Der Photograph David Liittschwager hat für den National Geographic dokumentiert, dass das Plankton des Ozeans mittlerweile in einer Suppe aus kleinen Plastikteichen schwimmt: “Striking photos reveal plastic and plankton side-by-side”. Bunt und vielgestaltig schwappen Plankton und Plastik Seite an Seite in den Wellen.
Die Plankton-Organismen wie silbrig-transparente Fischlarven unterschiedlicher Altersstufen und Arten, bläulich-transparente Ruderfußkrebse, Garnelen und Krebslarven mit vielen Beinen und Antennen, gelatinöse Rippenquallen und andere Kleinstlebewesen fressen die kleineren Kunststoffpartikel und rudern und zucken um die größeren herum. Die Blaufärbung der winzigen Meereswesen deutet darauf hin, dass sie zum Ökosystem der Meeresoberfläche gehören, dem Neuston.

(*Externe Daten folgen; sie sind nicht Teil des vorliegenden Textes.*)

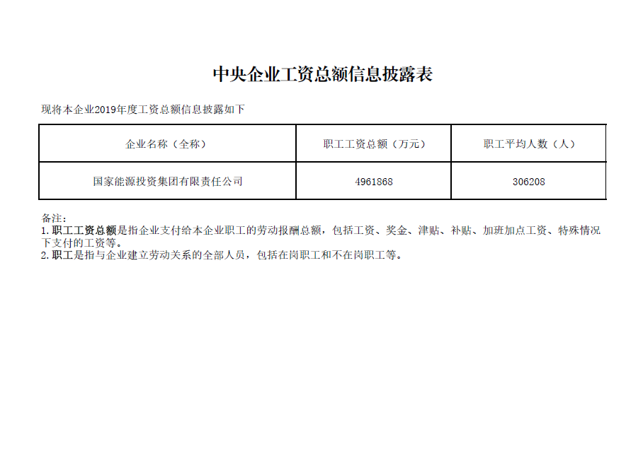 中央企业工资总额信息披露表2019

Dieses gelatinöse Plankton bildet eine wichtige Nahrungsgrundlage für größere Fische. Manche von ihnen wählen gezielt einzelne Beutetiere aus, ihre Lieblingsarten erkennen sie oft an deren charakteristischer Bewebung. Andere Jäger nehmen einfach ein Maul von der Planktonmasse – mit Plastik!
Liittschwager hatte im vergangenen Jahr Makrophotographien von Wasserproben vor Hawaii (Temporary Field Laboratory, NOAA Pacific Islands Fisheries Science Center, Kailua Kona, HI) und vor dem englischen Plymouth gemacht.
Die Wasserproben goß er auf durchsichtige Tabletts, die von unten beleuchtet wurden – so sind die kleinen Organismen und die Plastikpartikel am deutlichsten zu sehen. Das bunte Gewimmel macht die Unterscheidung von Lebewesen und Müll auf den ersten Blick sehr schwierig. Beim Auseinandersortieren wird deutlich: Die 400 Milliliter-Wasserprobe von hawaii enthielt mehr Kunststoff als Plankton. Die meisten Plastikteile sind kleiner als 5 Millimeter, also Mikroplankton. Auffallend sind die hellgrünen und türkisen Fasern, die aus zerfasertem Fischereigeschirr wie Leinen und Netzen stammen. Sehr flache Teile scheinen Folien-Stückchen zu sein. Die meisten bunten Splitter mit oft scharfen Kanten lassen sich nicht mehr zuordnen, sie sind Bruchstücke von durch UV-Strahlung zermürbtem und durch Wellengang zerschreddertem Wohlstandsmüll.
Von der Masse der Plastikteile war Liittschwager schockiert.
Liittschwager hat in seiner 20-jährigen Tätigkeit als Naturphotograph selbst in entlegensten Gebieten so hohe Kunststoffbelastungen gefunden, dass er die Dokumentation der allgegenwärtigen Plastikverschmutzung zu seiner Mission gemacht hat.
Die Bildrechte seiner beeindruckenden und schockierenden Makrophotographien liegen beim Photographen und dem National Geographic, darum darf ich sie leider nicht abbilden. Aber es lohnt sich unbedingt, sie anzuschauen!
Mittlerweile ist sicher, dass viele Fische mit dem Plankton auch Plastik fressen. So ist etwas nachgewiesen, dass Anchovis Plastikteile vor allem dann fressen, wenn sie schon von einem Algenrasen bedeckt sind – die Algen-Plastik-Pellets haben dann den richtigen Geruch. Die kleinen silbernen Heringsartigen mit dem strengen Geschmack sind wieder die Nahrungsbasis für viele größere Tiere, Tintenfische, Fische, Haie und Wale.
Eine andere Studie wies nach, dass in 90 % des Meersalzes, das für den menschlichen Verzehr verkauft wird, bereits Mikroplastik nachzuweisen ist.
So landet der Wohlstandsmüll auch wieder auf den Tellern seiner menschlichen Produzenten, im Mikrobereich oft unerkannt. Die gesundheitlichen Auswirkungen auf Menschen sind bis jetzt nicht abzuschätzen, es gibt dazu noch keine belastbaren Langzeitstudien. Aber es ist zu befürchten, dass es nicht folgenlos bleiben wird. Darum wird jetzt zunehmend auch an den Müll-Plankton-Wechselwirkungen geforscht, wie etwa die ICES-Konferenzen (ICES: International Council for the exploration of the Sea) zeigen.